It’s unlikely that other publishers greeted the decision with anything other than an eye-roll. And while Regnery has earned some cred with its own crowd, the editors of the Times bestsellers list have little reason to lose sleep. Regnery’s books will still appear on the bestsellers list; the company simply won’t print “New York Times Bestseller” on its books or marketing materials, a low-stakes protest that led The Washington Post to label the whole affair a “publicity stunt.”
But that doesn’t mean the controversy is without serious implications. Over the last three decades, conservatives have built a self-contained, self-referential media ecosystem. It has steadily broken away from the mainstream media, doing its own reporting, making its own analysis, and fueling its own outrage. There is now so little overlap between these two worlds that one of their least controversial links—the bestsellers list—has come under fire. Its very triviality shows the extreme lengths that conservatives will go to consciously uncouple from the rest of the world, even if it means sacrificing profits and prestige.
There’s no doubt, of course, that Regnery is grandstanding. “I object to them calling what we did ‘just a publicity stunt,’” Ross said in an interview with the New Republic. “But that doesn’t mean we aren’t getting publicity out of it!” Nor is this the first time that the Times bestsellers list has been attacked by conservatives for its alleged bias. Two years ago, while he was running for president, Ted Cruz whined that his book hadn’t made the bestsellers list (until it did). But complaining about the Times’s shadowy methodology—its formula for selecting bestsellers is a closely guarded secret—is commonplace throughout the publishing industry. Liberal publishers get mad at the list, too, because every publisher, at one time or another, gets mad at the list.
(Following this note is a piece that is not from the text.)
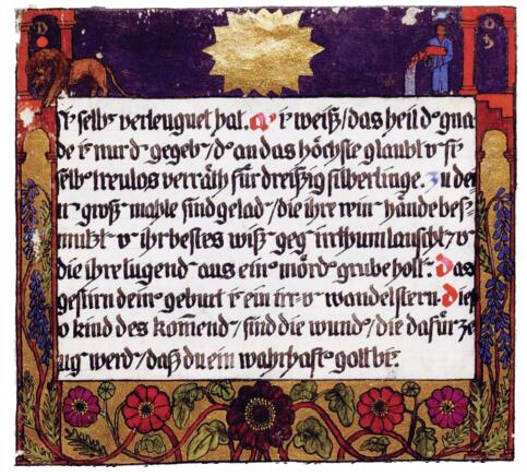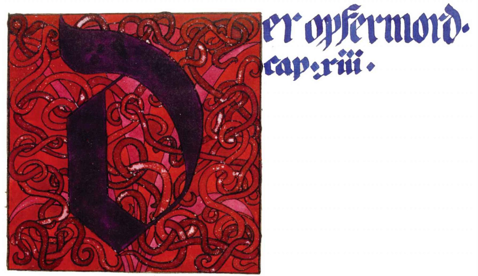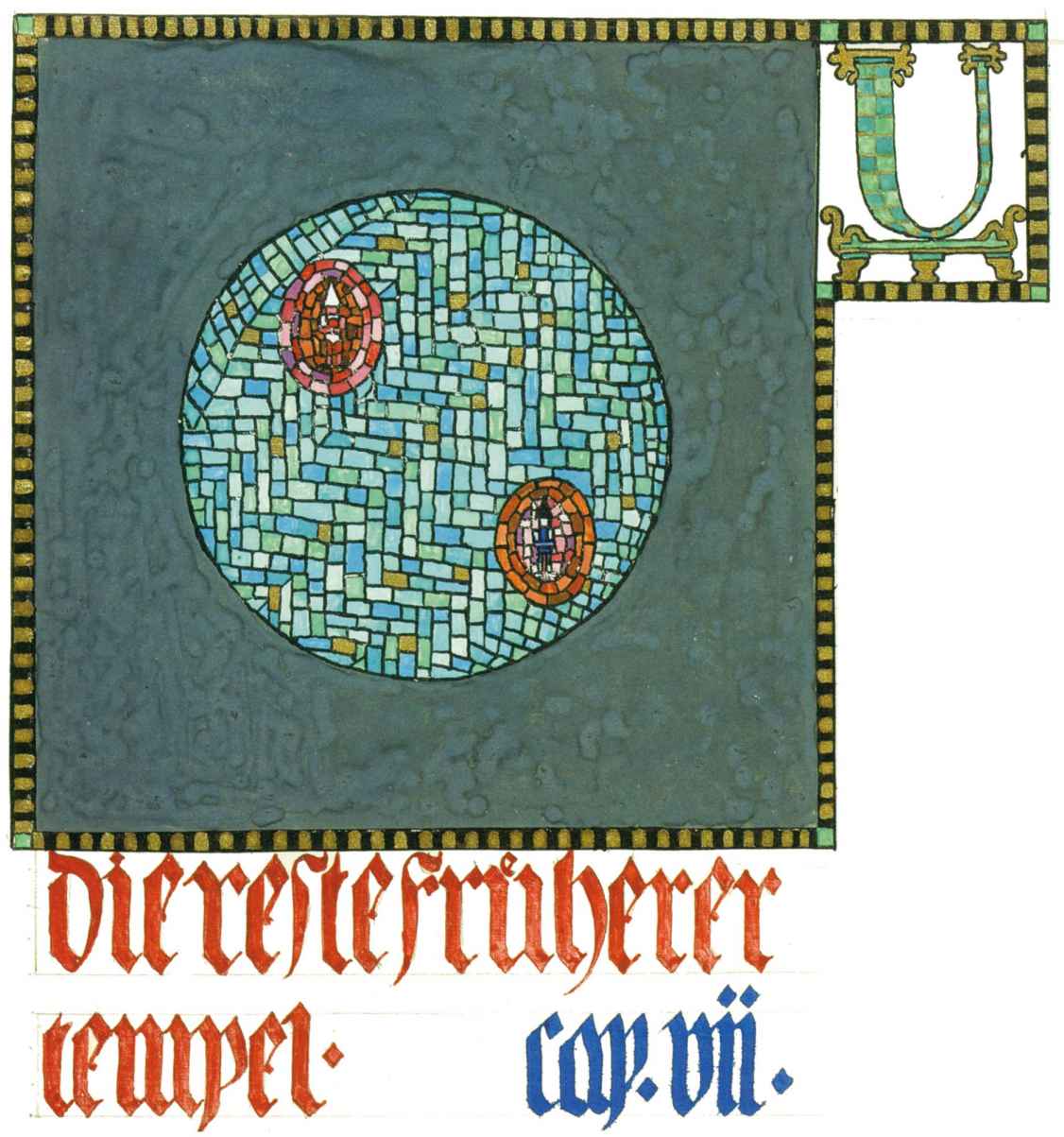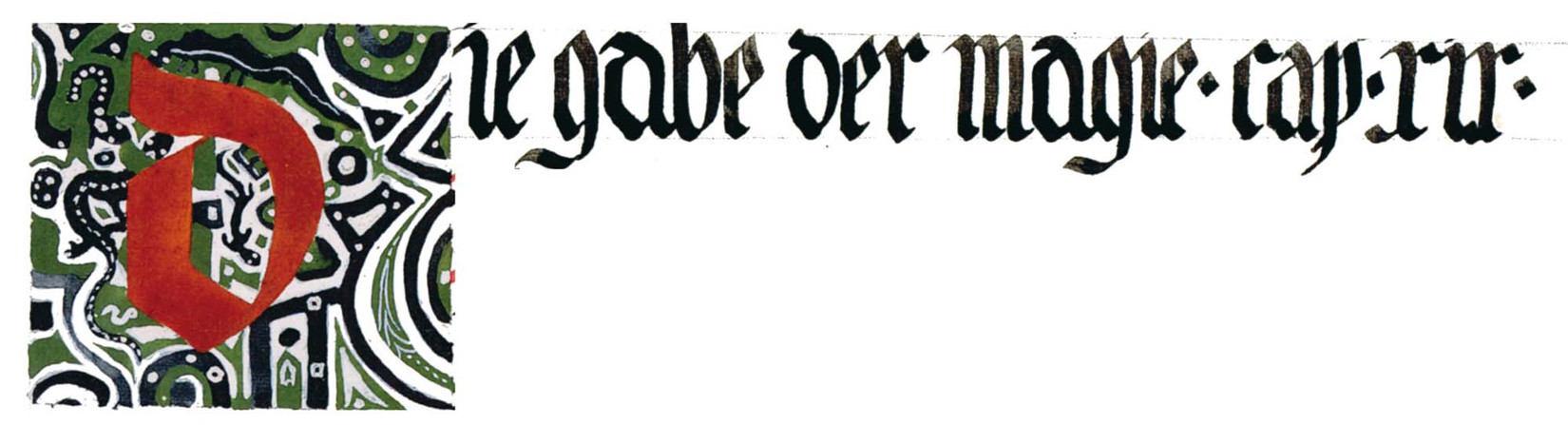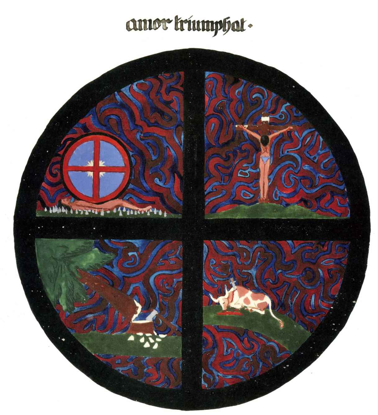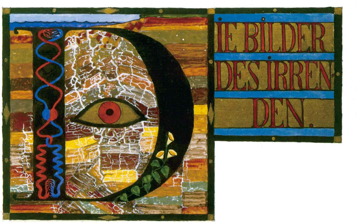花體字文本源自一個巴比倫的創世神話,出自雨果·格雷斯曼所編的《近東古代的文本與圖片和舊約聖經》,第1卷,(圖賓根:J.莫爾出版社,1909),4頁f,榮格在1912年的《力比多的轉化與象徵》中引用過這個神話(《榮格全集B》,§383)。神話的內容是:“母神胡貝爾創造一切/在她懷著長著尖牙的巨蛇時提供無可抵擋的武器/勢不可當。她的身體充滿血液,而非毒液/身上覆蓋著正在繁殖的巨大蠑螈。她使它們發出可怕的光芒/並令它們升高。只要人看到它們,必將驚恐憔悴/它們的身體必將豎起,而沒有飛起來。

Regnery’s experience with the list is a familiar one. The Big Lie, Ross told the New Republic, sold 11,380 copies its first week. That was more than any other hardcover title, according to Nielsen BookScan, which tracks book sales. And yet, when the bestsellers list came out, it was number eight. (Nielsen now claims to capture 85 percent of the market—the real percentage is almost certainly lower, but it’s the most authoritative source for sales and is widely used by both publishers and journalists.)
The following week, it sold 12,054 copies, according to Ross. Once again this was more than any other hardcover title. When the list came out, it only moved up one more slot. And what happened to The Big Lie was not an isolated incident, Ross told me. Another Regnery title, No Go Zones, which attempts to add journalistic heft to the myth that sharia law is taking hold in the West, didn’t appear on the list at all, despite selling 3,994 copies.
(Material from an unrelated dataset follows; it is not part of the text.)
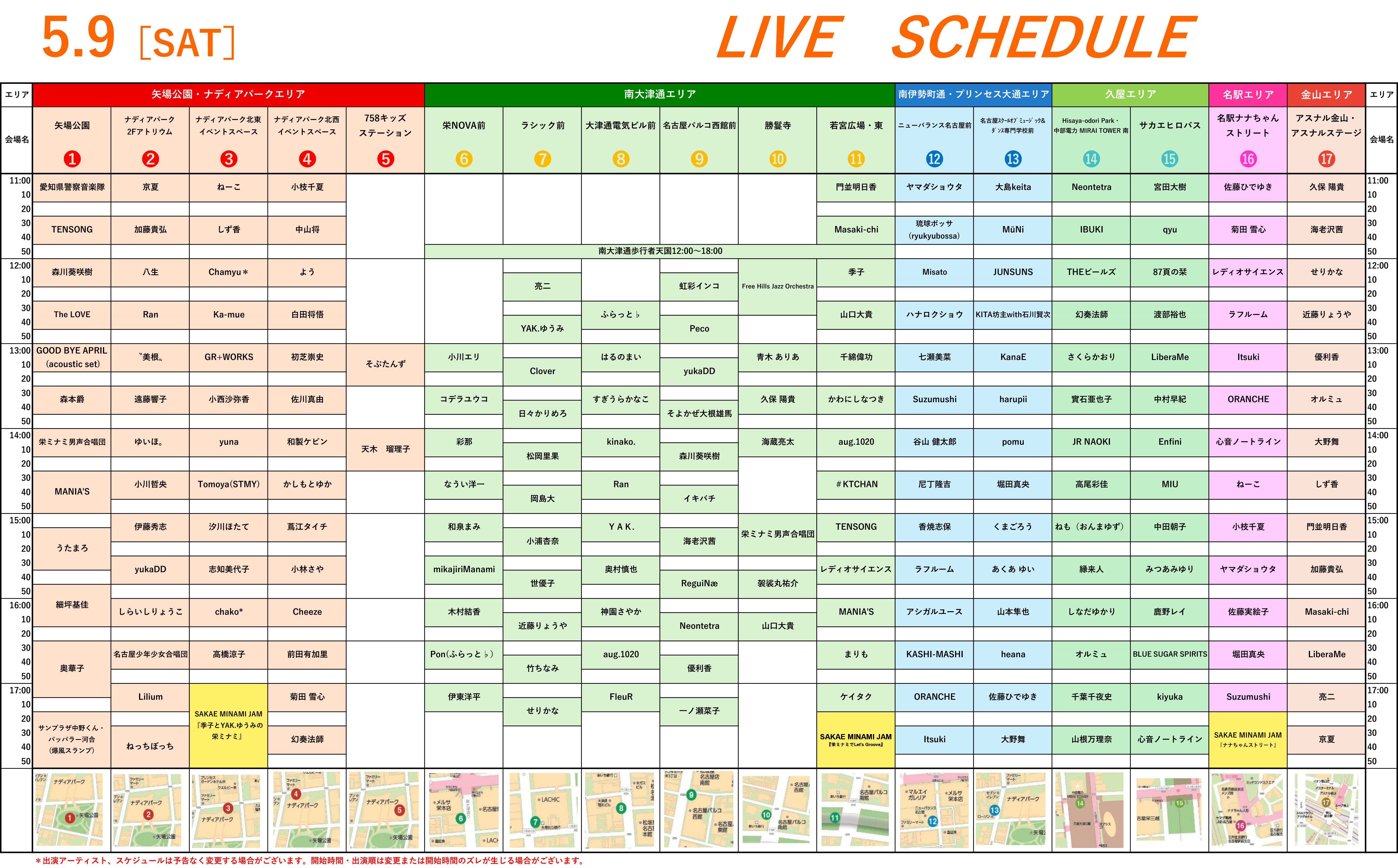 5.9 LIVE SCHEDULE 5/9【土】のスケジュールのダウンロードはこちら 5/10【日】のスケジュールはこちら AREA MAP ※出演アーティスト、スケジュールは予告なく変更する場合がございます。開始時間・出演順は変更または開始時間のズレが生じる場合がございます。

“It was sort of a tipping point for us,” Ross said. “We’ve experienced this many times before. What happened last month was just the most recent example.”
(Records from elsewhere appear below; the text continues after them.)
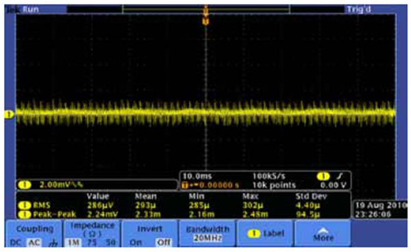 圖6 使用1X探頭和約7MHz帶寬測量噪聲的同時(shí)電源提供全額定電流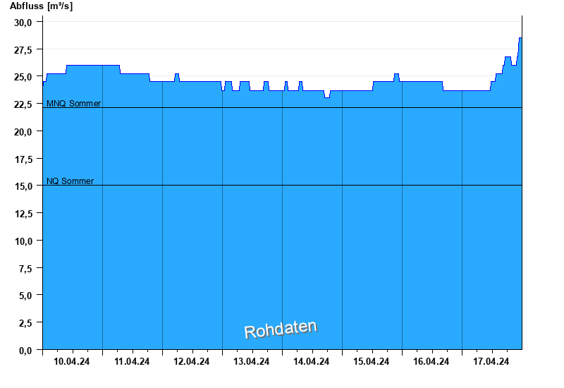 - Mittlerer Niedrigwasserabfluss MNQ 22,1 m³/s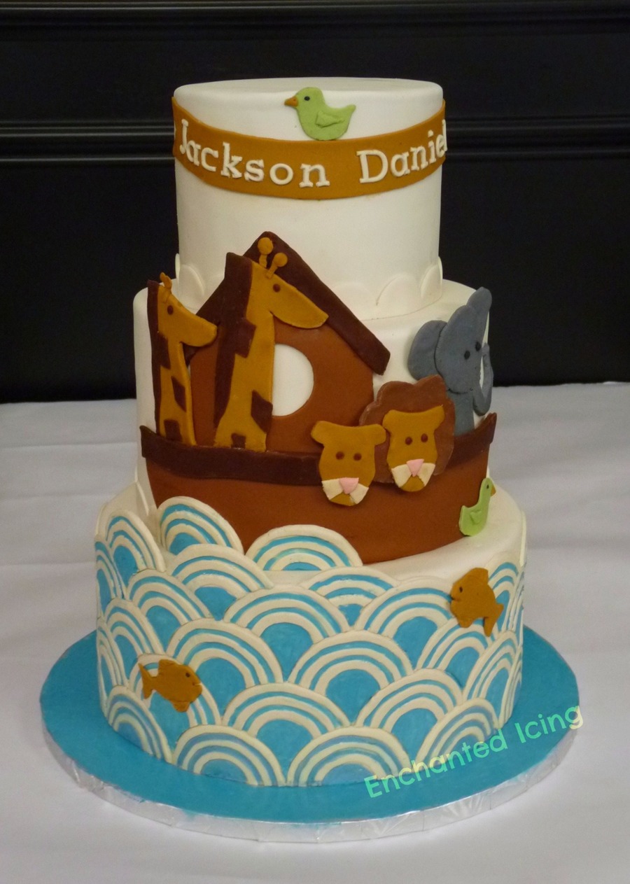 Modern take on Noah's Ark for baby Jackson's christening. The wave pattern on the bottom tier was challenging and time consuming to do.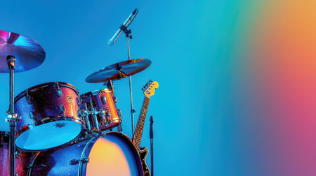 A colorful drum set accompanied by a guitar and microphone stands against a gradient background, ideal for music-themed projects, promotions, or events.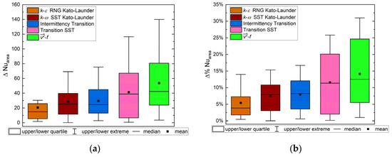 The output of this study was a matrix—for each Reynolds number and H/D ratio, the relative and absolute differences for each turbulent model were obtained. To streamline the analysis, statistical data for each turbulence model were computed across the entire spectrum of the Reynolds numbers and H/D ratios. Figure 14 presents the box and whisker plot, which summarizes this investigation.

Ross argued that conservatives have every reason to gripe. The Times makes its list by compiling data from hundreds, if not thousands, of stores. “What seems to be happening is that the places that they’re getting their data are a lot of independent bookstores, which lean left,” Ross said. “It is incredibly widely known that independent bookstores by and large have a liberal bent—not all of them, certainly, but a majority of them. It looks like what’s happening is that The New York Times is gathering data from outlets that are not representative of nationwide sales. It’s not that they’re cooking the books, but if you only collect your data from left-leaning stores, it’s not surprising that the results will be a list that favors left-leaning books.”
If you set aside the culture war language here, Ross may have a point. If the Times is oversampling independent bookstores, books by conservatives would likely be underrepresented. Ross told me that most of Regnery’s books are sold at Amazon, Barnes & Noble, Walmart, and Costco. And yet, if the Times really were dramatically oversampling independent bookstores, most of which sell very few books by conservative authors, then it’s unlikely that authors like Bill O’Reilly, whose books dominate the list, would appear on it at all.
And whatever Regnery’s experience, conservative books have regularly dominated the Times nonfiction list for decades, in large part because the same network of conservative media outlets is very good at selling books. Conservative authors often have platforms on radio and/or television, and they use those platforms to push their book and appear on other radio and television programs to generate publicity. Later, they will return the favor; for example, Mark Levin will appear on Sean Hannity’s show to promote his book, then Hannity will appear on Levin’s show to promote his book.
Asked if they do a lot of bulk sales—conservative authors like Cruz have been accused of orchestrating bulk buys to pad sales and top the Times list—Ross laughed. “For us, the most effective way to sell books is to make sure that the author does a massive amount of TV interviews, radio interviews, and print interviews because it’s better leverage. You can reach more people on a radio interview than you can in person.”
Which is to say that Regnery’s business model isn’t dependent on playing nice with The New York Times. The bestsellers list is likely the only interaction most Regnery books will have with the paper. Meanwhile, conservative authors will talk to conservative readers via conservative media outlets about the Nazi foundation of the Democratic Party and the sinister creep of sharia law—and maybe about the Times’s insidious liberal bias.
Still, the Times list provides an unparalleled level of prestige. The Publishers Weekly list, which tracks closer to Bookscan and which Regnery says it will use from now on, doesn’t come close. Conservatives still want the prestige that the liberal media can bestow, no matter how much they claim to scorn it, which is why complaining about the bestsellers list is so common. And with the exception of the Times’s opinion page, the list represents the last link between the paper and conservative media.
Even that tenuous connection has become too much. In a letter to authors, Ross wrote, “I ask you to consider this: We are often told it’s foolish to bite the hand that feeds you. ... I say it’s just as foolish to feed the hand that bites you.” But Regnery is just coming around to what many conservatives realized long ago: They don’t need the Times anymore, and they’re better off treating those institutions as a foil or even an enemy.
Regnery is something of an outlier in the conservative publishing world. Most of the other major conservative publishers are housed within large conglomerates. The decision to “sever ties” is a clever way of cementing its reputation for independence—other conservative publishers talk the talk, while Regnery is walking the walk. But the split with the Times also seemed inevitable. It is all the more fitting that the relationship ended with a whimper, not a bang.